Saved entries
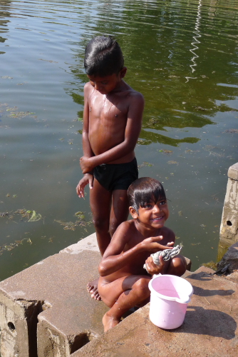 体を洗う人、洗濯する人、バイク洗う人・・・同じ川で用を足してます
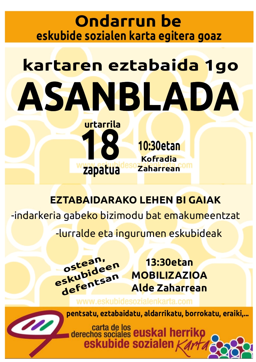 Gaur Kofrai Zaharrin batu gaz, geure eskubide sozialak zeintzuk ixan bir dizen erabakitzeko. Ingurumen eta bardintasun eskubidin kasun einddou berba, orokorrin, eta Ondarru mailan. Dakixuen modun, Euskal Herriko talde asko dabiz karta sozial bat preparaten, biximodu duin bat eukitxeko beharrezkuk dizen eskubidik zehazten. Parte hartu nahi dabenak, aukera gexa eukikotxuz hurrengo astitan. Anima!
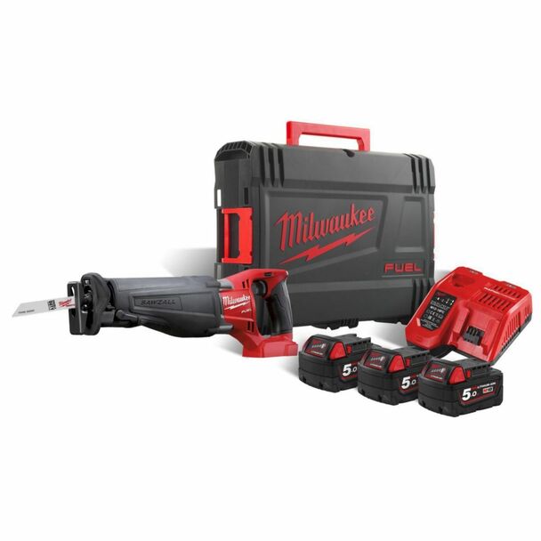 1x M18CSX Sawzall Recip Saw, 3x M18B5 – M18 5.0Ah Battery , 1x M12-18FC – M18 Charger, 1x Carry Case
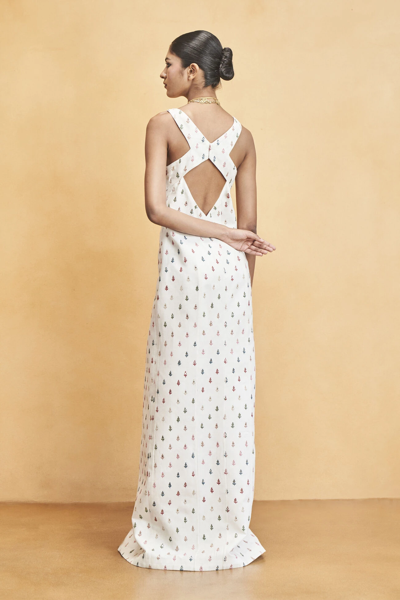 Resplendent flora and abundant fauna of the forest are skillfully hand-embroidered by the women artisans of SEWA on this statement silhouette. A glamorous slit makes it the perfect ensemble for contemporary celebrations.
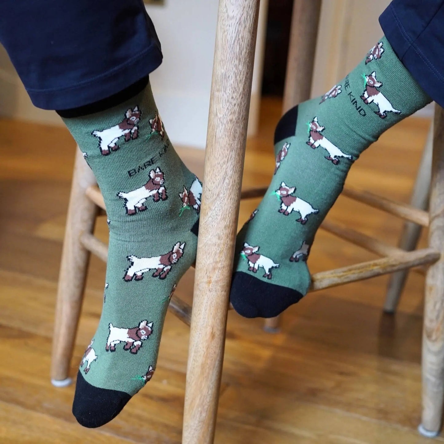 Show off your love for farmyard friends with our Goat Bamboo Socks, luxuriously soft, breathable, and designed for all-day comfort. These high-quality green socks feature playful goat motifs all over, bringing a cheerful and quirky touch to your wardrobe.
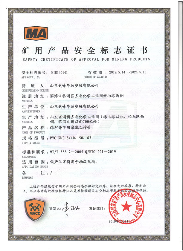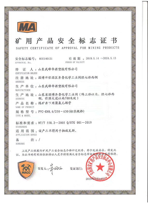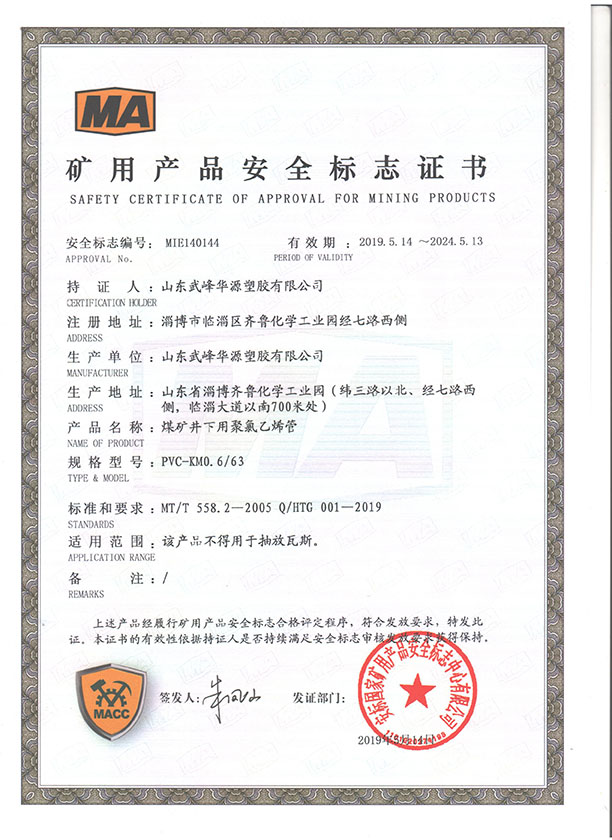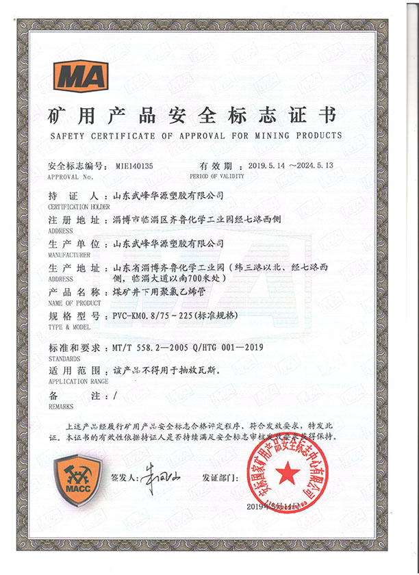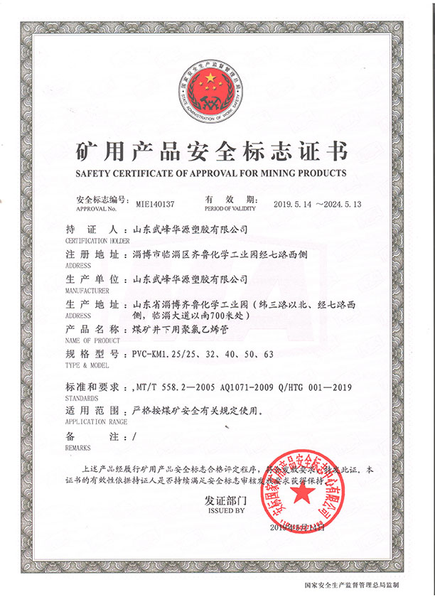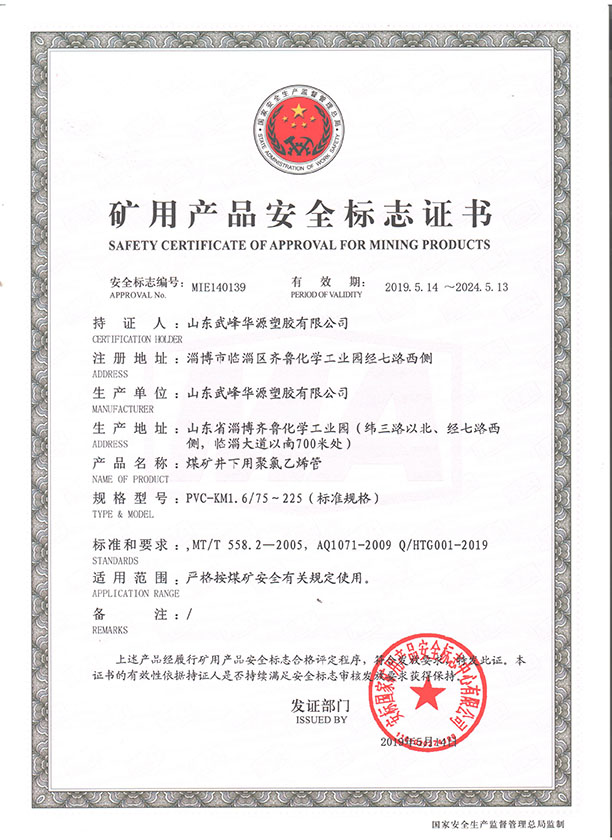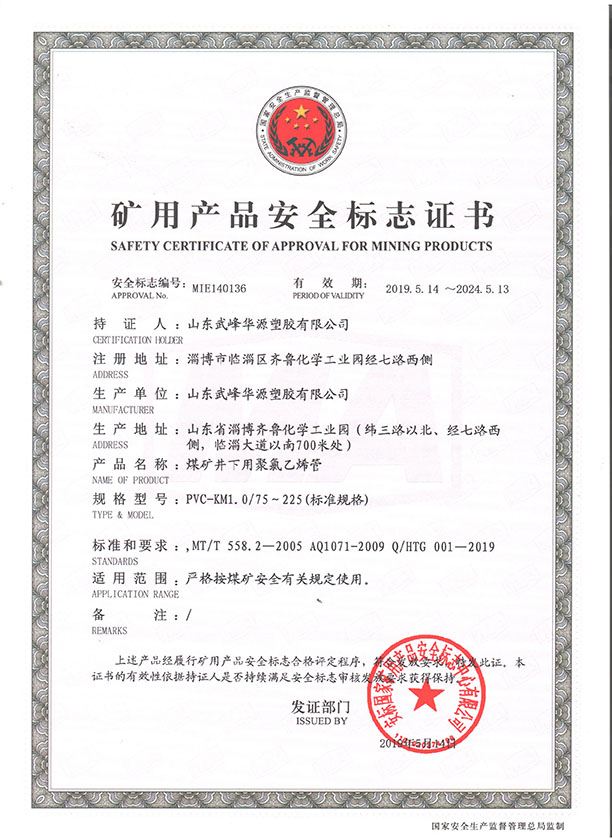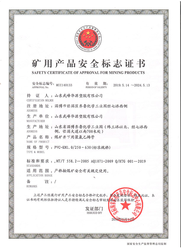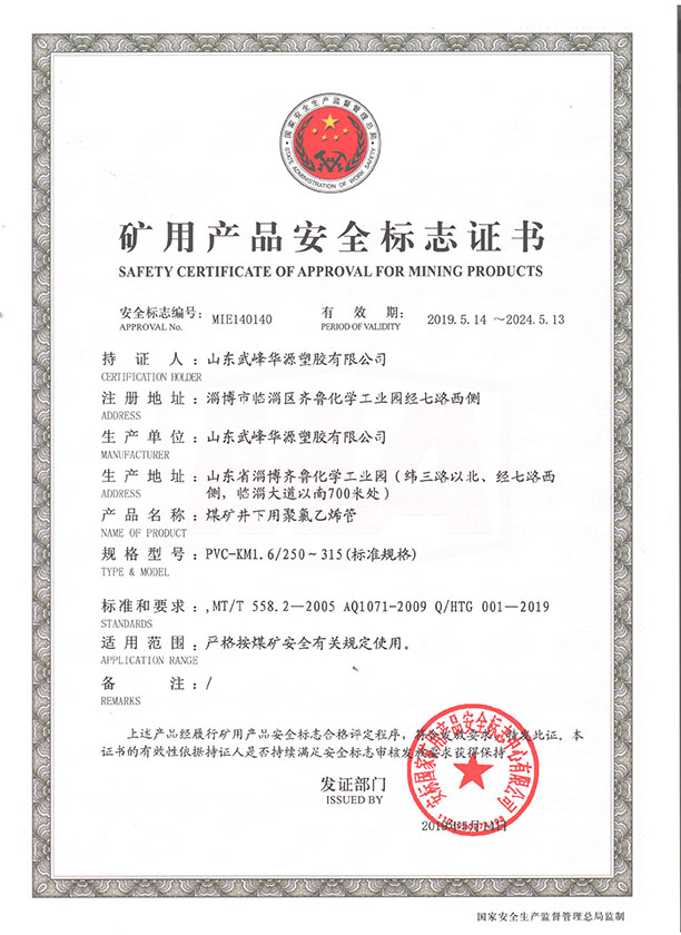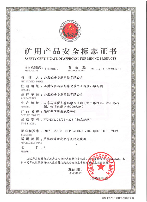 PVC煤礦管安標(biāo)
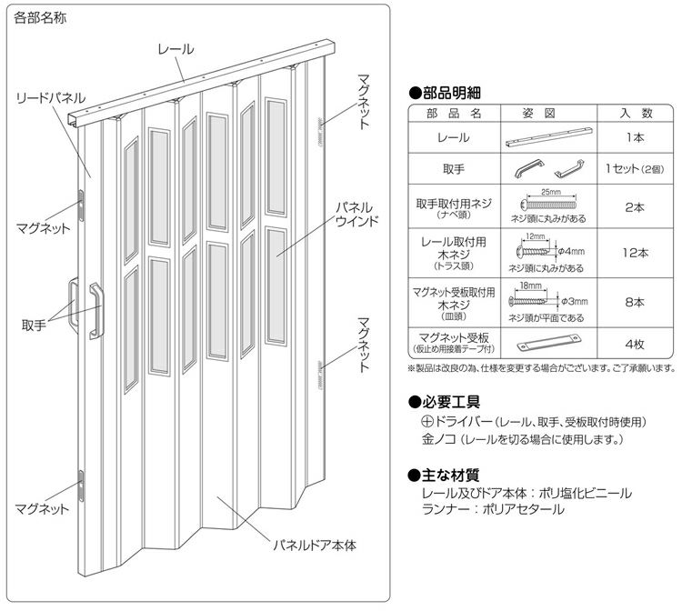 付属品:レール取付用木ネジ(ナベビス)など
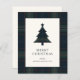 Modern Christmas card featuring a timeless design with a Christmas tree with a muted navy blue and green plaid pattern along with the greeting, "Merry Christmas". Use the template to add your personalized message.
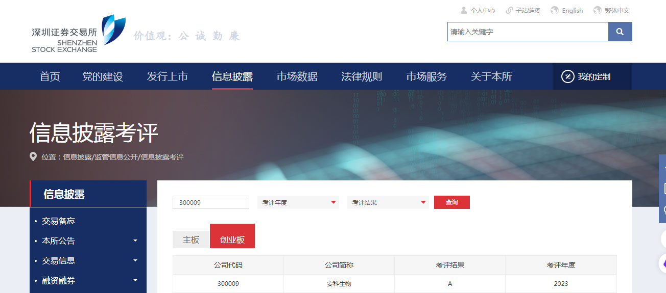 最新公布的2023-2024年度創業板上市公司信息披露工作評價結果顯示,安科生物(股票代碼:SZ300009)在眾多競爭者中脫穎而出,再次榮獲A級評價。這一榮譽不僅是監管機構對公司在信息披露方面嚴謹態度和卓越表現的高度認可,也是對公司規范運作水平、投資者關系管理及股東回報等工作的充分肯定。
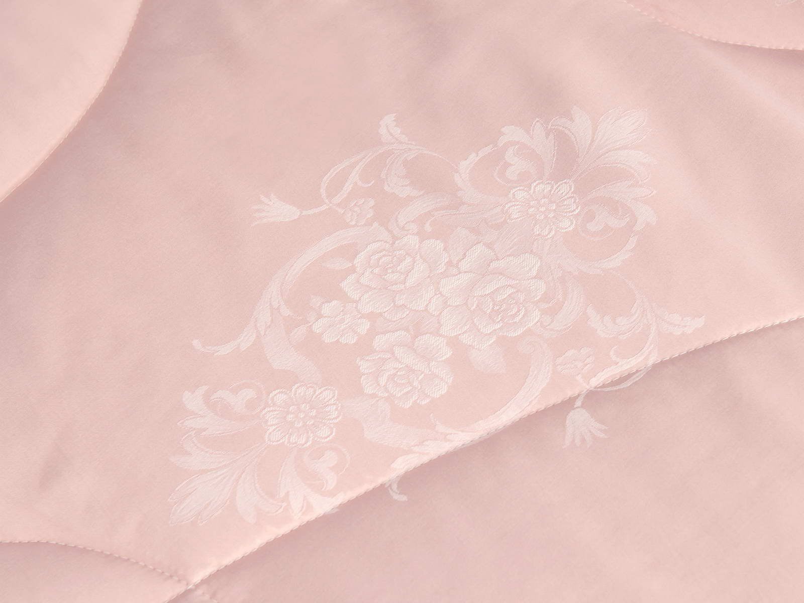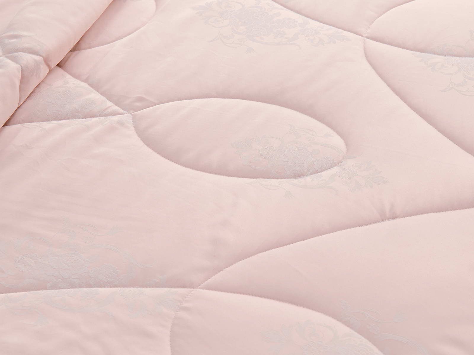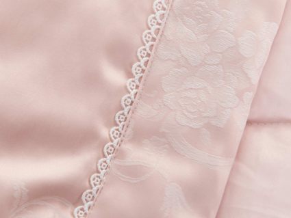 Одеяло представлено в модных цветах этого сезона: пудра, персик, крем, серый, карамель. Такие оттенки придадут нотки изысканности и утонченности вашей спальне. Изделие украшает декоративная стежка, создающая на одеяле прямые, изогнутые линии и окружности. С помощью специального станка на ткань нанесен уникальный повторяющийся рисунок в винтажном стиле. Вы можете выбрать узор на свой вкус: небольшой лавровый венок, венчающий корону, или одну из цветочных композиций среднего размера. По широкому канту в тон изделию проходит деликатная полоска светлого кружева.
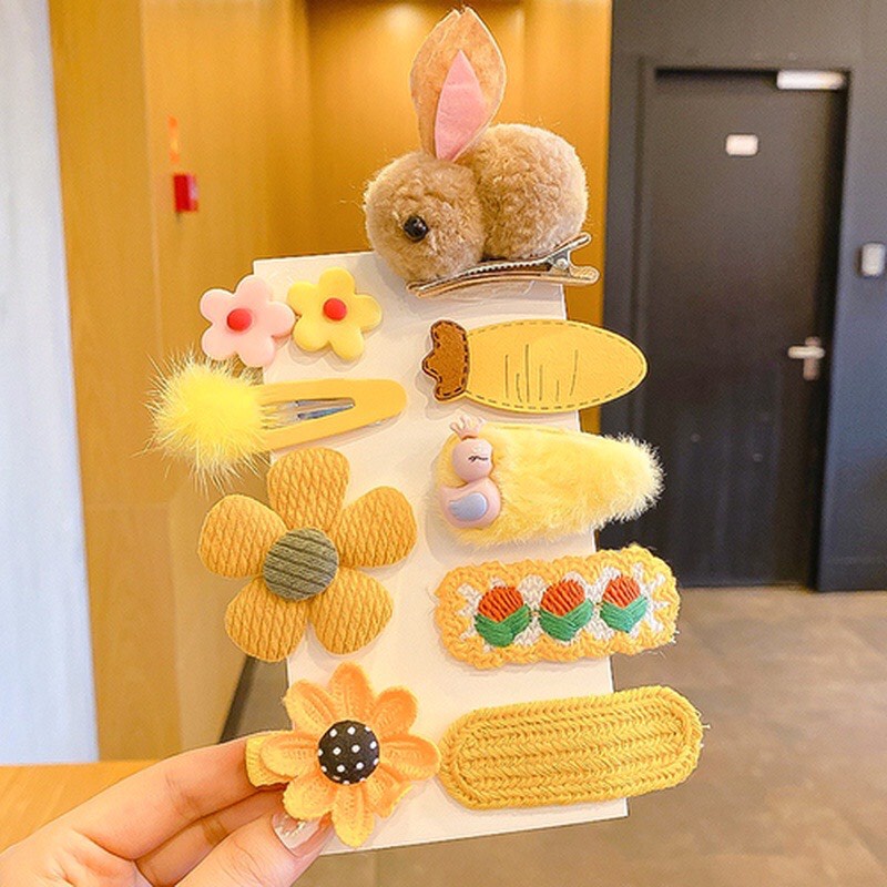 Set 9 kẹp tóc đan len/ vải và nhựa nhiều mẫu dễ thương cho bé gái
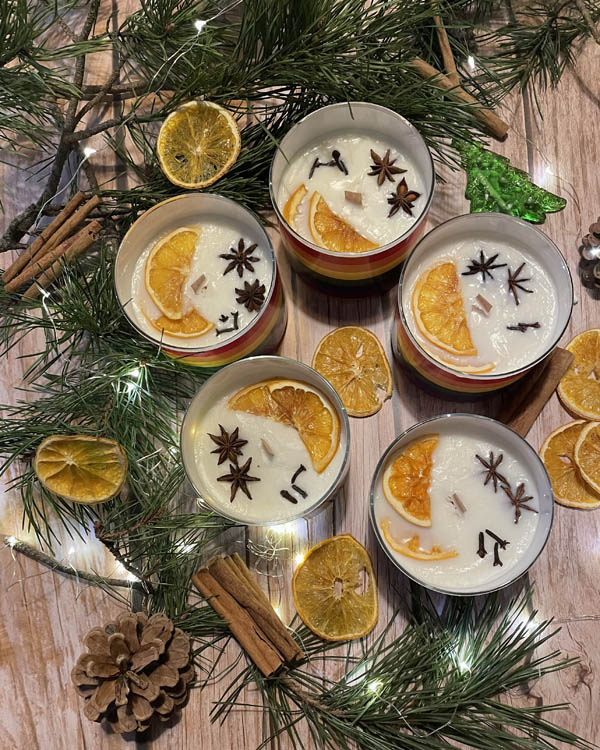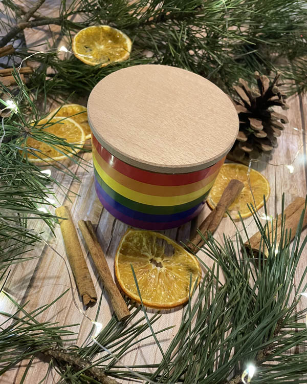 Świecę zrobiłyśmy ręcznie z naturalnego wosku sojowego. Dodałyśmy do niej olejki eteryczne (10%, nie da się nie poczuć!) o zapachu goździków, cynamonu i pomarańczy. Po zapaleniu świecy olejki są stopniowo uwalniane, a Ty poczujesz, że z każdą minutą jest Ci bardziej błogo i cudownie. Jakby tego było mało, świeczkę udekorowałyśmy suszoną pomarańczką, goździkami i anyżem. Nie mogło też zabraknąć tęczowego opakowania (no raczej!) To się dopiero nazywa strefa przyjazna LGBT!

Required work:
Give again exactly the lines from the one holding "Одеяло представлено в" to the final line of the records, both ends included, and nothing more. Pictures do not belong in the copy.

Reply to the exercise:
 Одеяло представлено в модных цветах этого сезона: пудра, персик, крем, серый, карамель. Такие оттенки придадут нотки изысканности и утонченности вашей спальне. Изделие украшает декоративная стежка, создающая на одеяле прямые, изогнутые линии и окружности. С помощью специального станка на ткань нанесен уникальный повторяющийся рисунок в винтажном стиле. Вы можете выбрать узор на свой вкус: небольшой лавровый венок, венчающий корону, или одну из цветочных композиций среднего размера. По широкому канту в тон изделию проходит деликатная полоска светлого кружева.
 Set 9 kẹp tóc đan len/ vải và nhựa nhiều mẫu dễ thương cho bé gái
 Świecę zrobiłyśmy ręcznie z naturalnego wosku sojowego. Dodałyśmy do niej olejki eteryczne (10%, nie da się nie poczuć!) o zapachu goździków, cynamonu i pomarańczy. Po zapaleniu świecy olejki są stopniowo uwalniane, a Ty poczujesz, że z każdą minutą jest Ci bardziej błogo i cudownie. Jakby tego było mało, świeczkę udekorowałyśmy suszoną pomarańczką, goździkami i anyżem. Nie mogło też zabraknąć tęczowego opakowania (no raczej!) To się dopiero nazywa strefa przyjazna LGBT!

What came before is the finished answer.